**Your assignment:** Copy the data that follows exactly, and include none of its images.

(Recorded information begins)

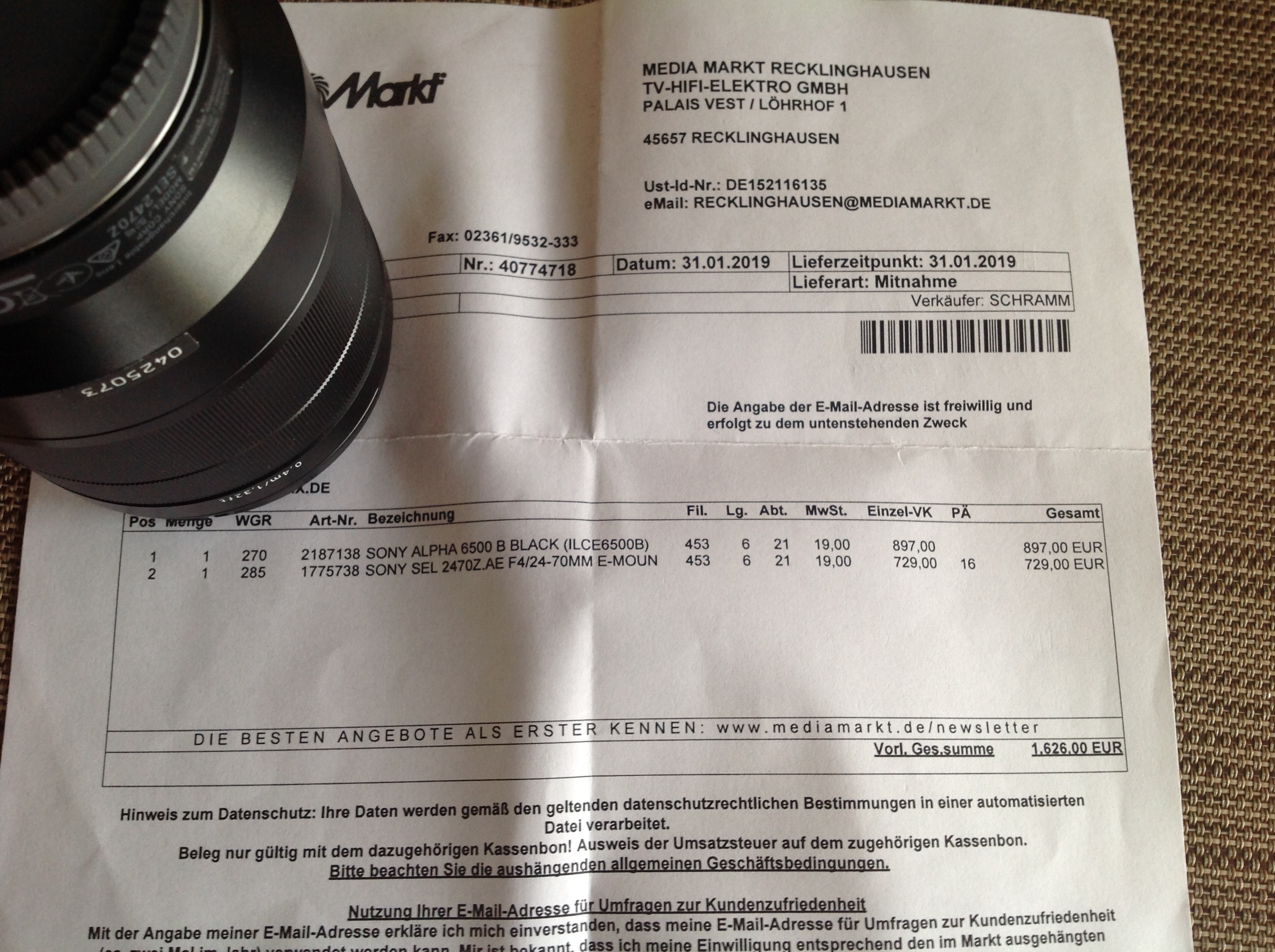 Das Objektiv wurde am 31.01.2019 beim Media Markt gekauft.
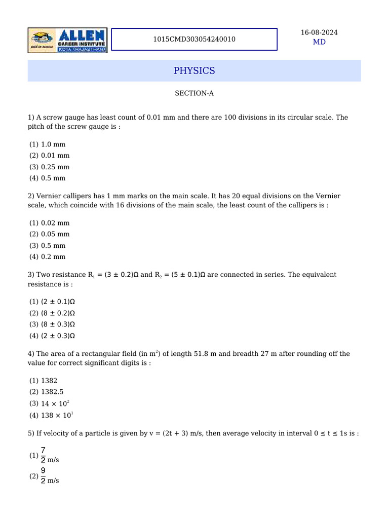 1) A screw gauge has least count of 0.01 mm and there are 100 divisions in its circular scale. The
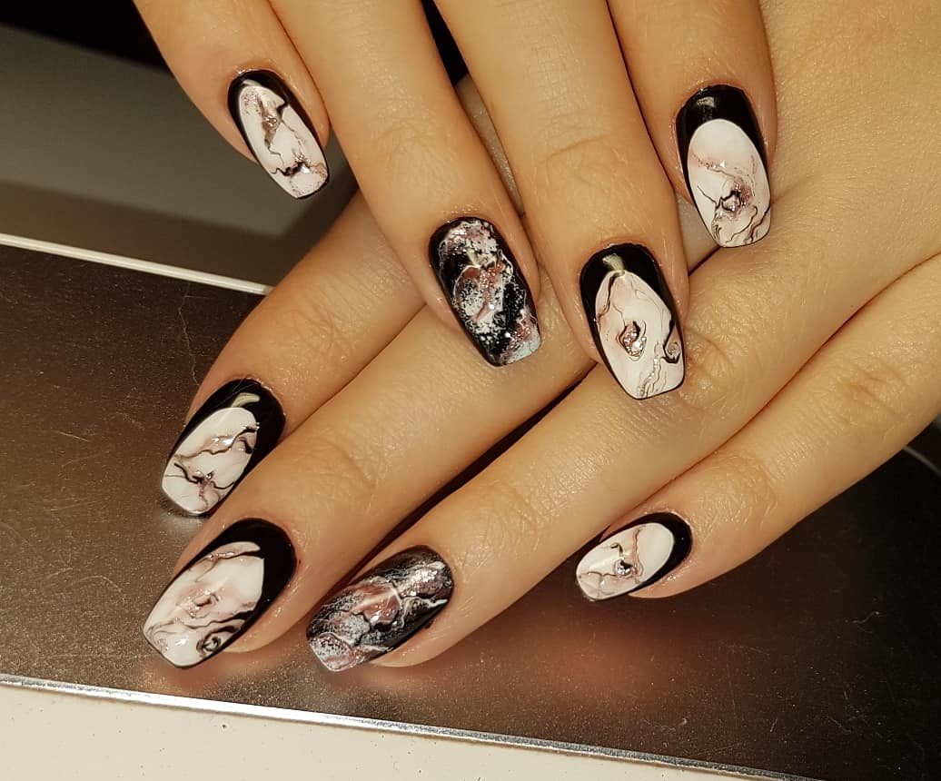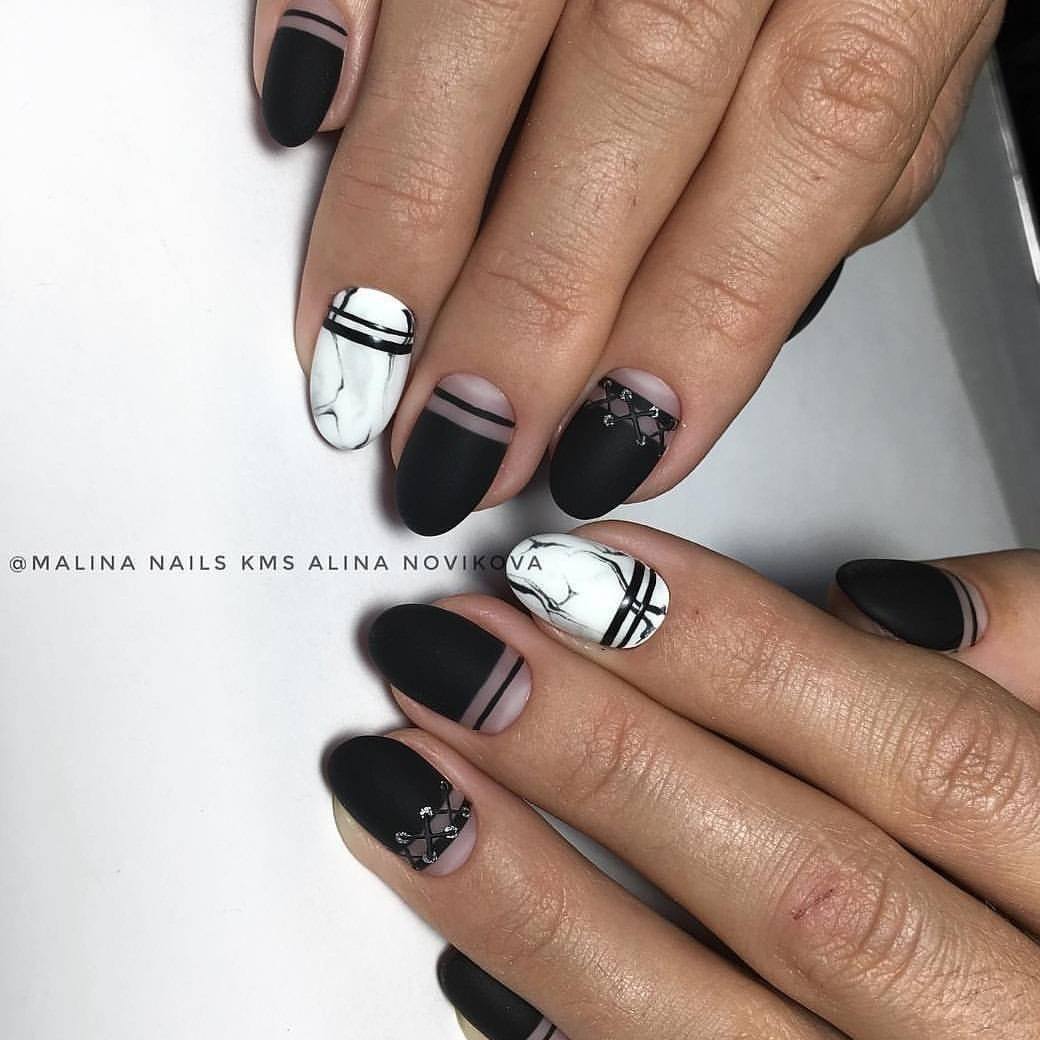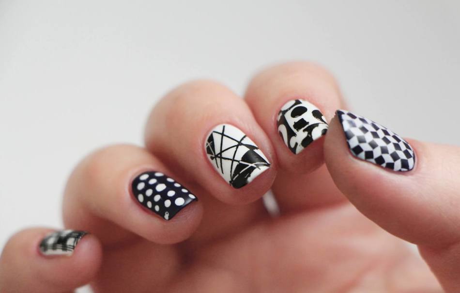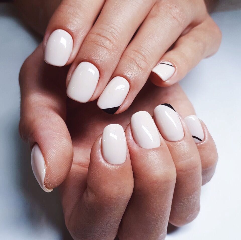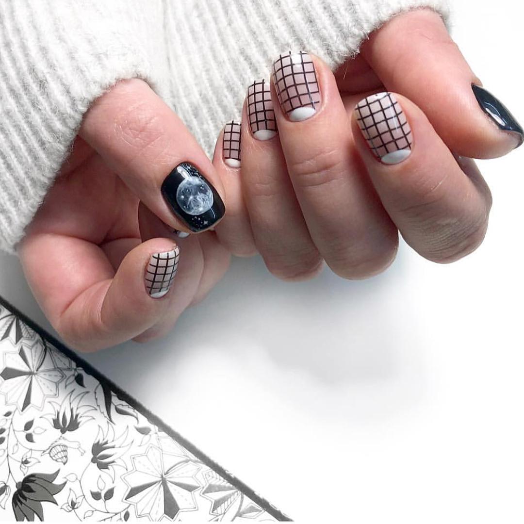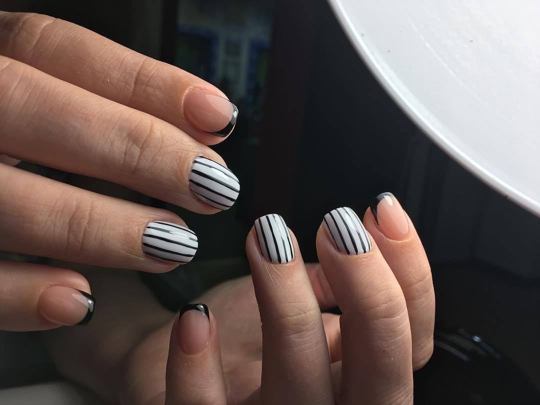 На коротких ногтях выигрышно выглядят как вертикальные, так и горизонтальные полоски. Абстракции с кругов, а также милые бело-черные разводы с прозрачными островками, сквозь которые отчетливо можно увидеть ногтевую пластину.

(Recorded information ends)

**Written response:**
 Das Objektiv wurde am 31.01.2019 beim Media Markt gekauft.
 1) A screw gauge has least count of 0.01 mm and there are 100 divisions in its circular scale. The
 На коротких ногтях выигрышно выглядят как вертикальные, так и горизонтальные полоски. Абстракции с кругов, а также милые бело-черные разводы с прозрачными островками, сквозь которые отчетливо можно увидеть ногтевую пластину.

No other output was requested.